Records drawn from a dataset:
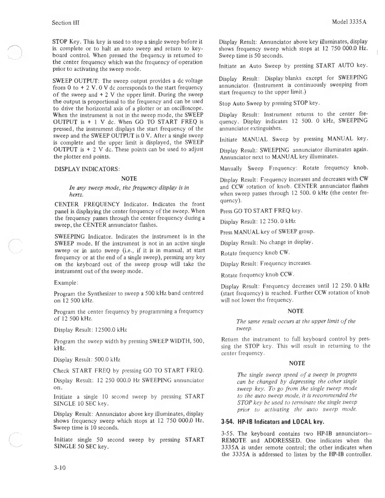 HP 3335A - Sweep Mode Control and Indicators; Sweep Mode Operation Controls; HP-IB Status Indicators and Local Control
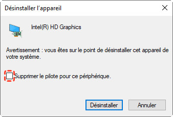 3. Lorsque la boîte de dialogue de confirmation apparaît, cochez Supprimer le pilote pour ce périphérique et cliquez sur Désinstaller.
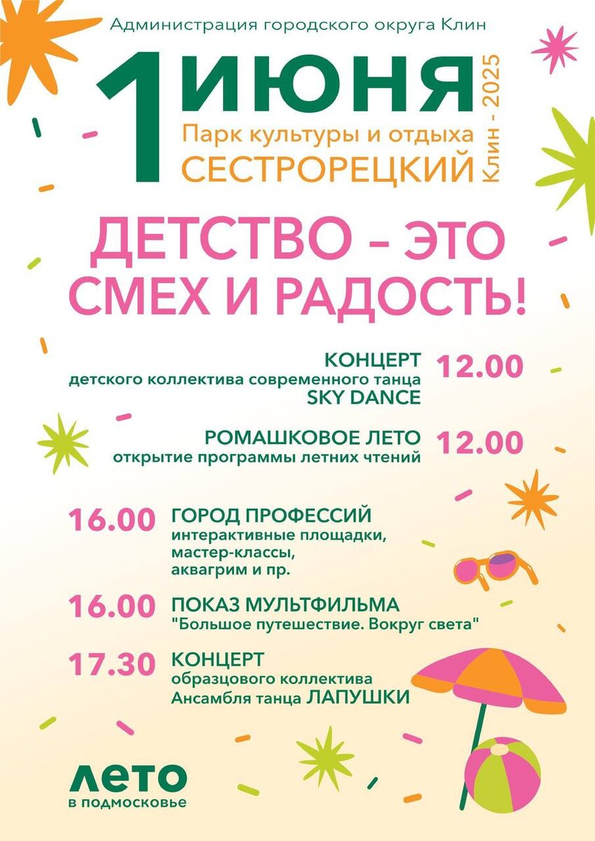 🤩🤩🤩🤩🤩 🎉👶 1️⃣ июня в Клину отметят День защиты детей 🪩💃 На сцене амфитеатра в 1️⃣2️⃣⏺️0️⃣0️⃣ начнётся концерт с участием студии хореографии «Sky Dance». В это же время пройдет открытие программы летних чтений «Ромашковое лето». 🎩🎬 В 1️⃣6️⃣⏺️0️⃣0️⃣ школьники и дошкольники смогут посмотреть под открытым небом мультфильм «Большое путешествие. Вокруг света». 👮♂️👩⚕️ С 1️⃣6️⃣⏺️0️⃣0️⃣ - «Город профессий». На интерактивных площадках девчонки и мальчишки смогут поближе познакомиться со снаряжением и приемам работы полицейских, спасателей, медиков и других классных специалистов. 🎙🎭 С 1️⃣6️⃣⏺️0️⃣0️⃣ на дорожках Сестрорецкого парка - интерактивные площадки и творческие мастер-классы, аквагрим и блеск-тату. 🕺🎶 В 1️⃣7️⃣⏺️3️⃣0️⃣ на сцену выйдут юные танцоры из Образцового ансамбля танца «Лапушки»! 💙🤩🤩🤩🤩🤩 МОЛОДЕЖНОЕ ТВ #клин #клинзвучит #молодежноеТВ
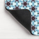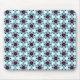 Les motifs géométriques complexes se répètent dans une formation symétrique en utilisant des tons bleu, noir et blanc. Le design se concentre sur des motifs circulaires disposés pour créer un effet visuellement attrayant et équilibré.
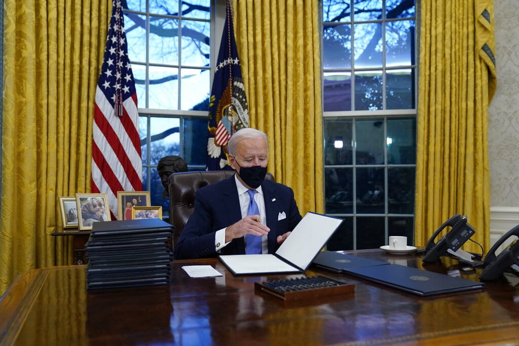 El presidente Joe Biden firma sus primeros decretos en la Oficina Oval de la Casa Blanca, el miércoles 20 de enero 2021, en Washington. (AP Foto/Evan Vucci)
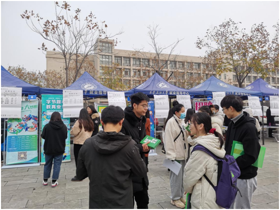 11月28日上午,beat365在鄠邑校区江汉林广场举行了2021届财管文外毕业生校园招聘会。到场单位60余家,参会代表100余人。
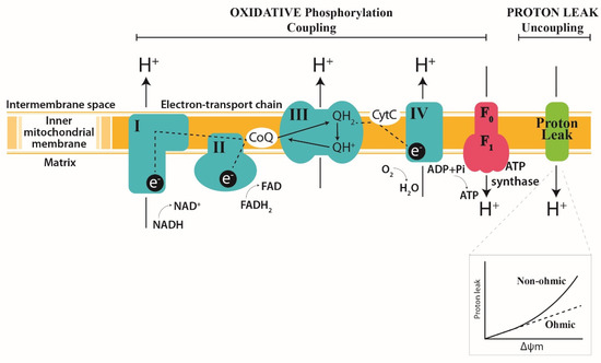 Originally described by Pietrobon et al. [44], alteration of the proton pumps expresses a change in the amount of protons stored in the intermembrane space (redox slipping) or the amount of protons returning to the matrix via ATP synthase (proton slipping), for the same amount of oxidized electrons.
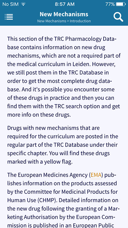 The TRC app covers most common drugs prescribed across Europe. The new drugs, which are not required part of Leiden medical curriculum, are also covered in great detail within New Mechanisms section.
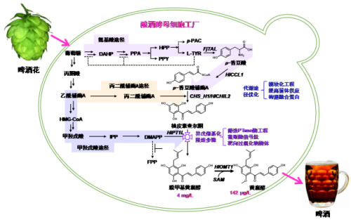 黄腐醇是一种异戊烯基化的黄酮类化合物,来源于啤酒花植物,在工业上主要应用于啤酒酿造,不仅能改善啤酒风味,还具有多种生物活性,如预防癌症、抗氧化、抗炎和免疫调节等作用。目前,黄腐醇主要从啤酒花中提取,由于培育植物受地理、气候等因素影响,以及植物中黄腐醇的含量低、分离纯化困难,且结构不稳定导致酿造过程中损失率达80%至90%,因此,需要发展其他生产路线供应黄腐醇。利用微生物细胞工厂,通过引入异源黄腐醇合成途径并改造和平衡内源代谢途径,有望实现黄腐醇的生物合成。
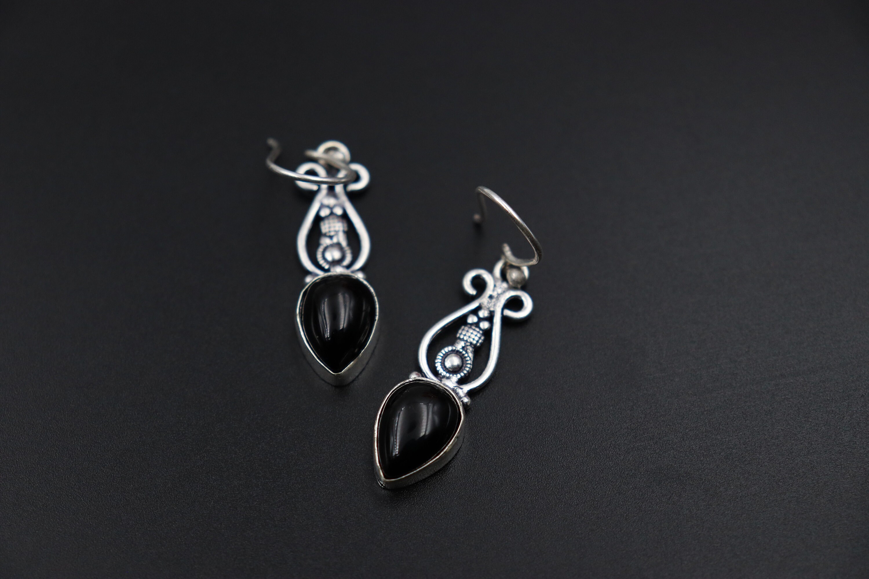 Black Onyx Gemstone Handmade Earrings-Silver Oxidized gemstone Earr...
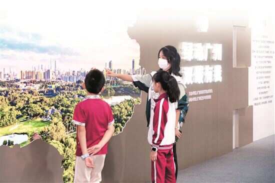 ■学生们在广州青少年科技馆参观“碳达峰、碳中和”主题科普展览。

Task instructions:
Every record is to be restated word for word, with the pictures left out.

Completed exercise:
 HP 3335A - Sweep Mode Control and Indicators; Sweep Mode Operation Controls; HP-IB Status Indicators and Local Control
 3. Lorsque la boîte de dialogue de confirmation apparaît, cochez Supprimer le pilote pour ce périphérique et cliquez sur Désinstaller.
 🤩🤩🤩🤩🤩 🎉👶 1️⃣ июня в Клину отметят День защиты детей 🪩💃 На сцене амфитеатра в 1️⃣2️⃣⏺️0️⃣0️⃣ начнётся концерт с участием студии хореографии «Sky Dance». В это же время пройдет открытие программы летних чтений «Ромашковое лето». 🎩🎬 В 1️⃣6️⃣⏺️0️⃣0️⃣ школьники и дошкольники смогут посмотреть под открытым небом мультфильм «Большое путешествие. Вокруг света». 👮♂️👩⚕️ С 1️⃣6️⃣⏺️0️⃣0️⃣ - «Город профессий». На интерактивных площадках девчонки и мальчишки смогут поближе познакомиться со снаряжением и приемам работы полицейских, спасателей, медиков и других классных специалистов. 🎙🎭 С 1️⃣6️⃣⏺️0️⃣0️⃣ на дорожках Сестрорецкого парка - интерактивные площадки и творческие мастер-классы, аквагрим и блеск-тату. 🕺🎶 В 1️⃣7️⃣⏺️3️⃣0️⃣ на сцену выйдут юные танцоры из Образцового ансамбля танца «Лапушки»! 💙🤩🤩🤩🤩🤩 МОЛОДЕЖНОЕ ТВ #клин #клинзвучит #молодежноеТВ
 Les motifs géométriques complexes se répètent dans une formation symétrique en utilisant des tons bleu, noir et blanc. Le design se concentre sur des motifs circulaires disposés pour créer un effet visuellement attrayant et équilibré.
 El presidente Joe Biden firma sus primeros decretos en la Oficina Oval de la Casa Blanca, el miércoles 20 de enero 2021, en Washington. (AP Foto/Evan Vucci)
 11月28日上午,beat365在鄠邑校区江汉林广场举行了2021届财管文外毕业生校园招聘会。到场单位60余家,参会代表100余人。
 Originally described by Pietrobon et al. [44], alteration of the proton pumps expresses a change in the amount of protons stored in the intermembrane space (redox slipping) or the amount of protons returning to the matrix via ATP synthase (proton slipping), for the same amount of oxidized electrons.
 The TRC app covers most common drugs prescribed across Europe. The new drugs, which are not required part of Leiden medical curriculum, are also covered in great detail within New Mechanisms section.
 黄腐醇是一种异戊烯基化的黄酮类化合物,来源于啤酒花植物,在工业上主要应用于啤酒酿造,不仅能改善啤酒风味,还具有多种生物活性,如预防癌症、抗氧化、抗炎和免疫调节等作用。目前,黄腐醇主要从啤酒花中提取,由于培育植物受地理、气候等因素影响,以及植物中黄腐醇的含量低、分离纯化困难,且结构不稳定导致酿造过程中损失率达80%至90%,因此,需要发展其他生产路线供应黄腐醇。利用微生物细胞工厂,通过引入异源黄腐醇合成途径并改造和平衡内源代谢途径,有望实现黄腐醇的生物合成。
 Black Onyx Gemstone Handmade Earrings-Silver Oxidized gemstone Earr...
 ■学生们在广州青少年科技馆参观“碳达峰、碳中和”主题科普展览。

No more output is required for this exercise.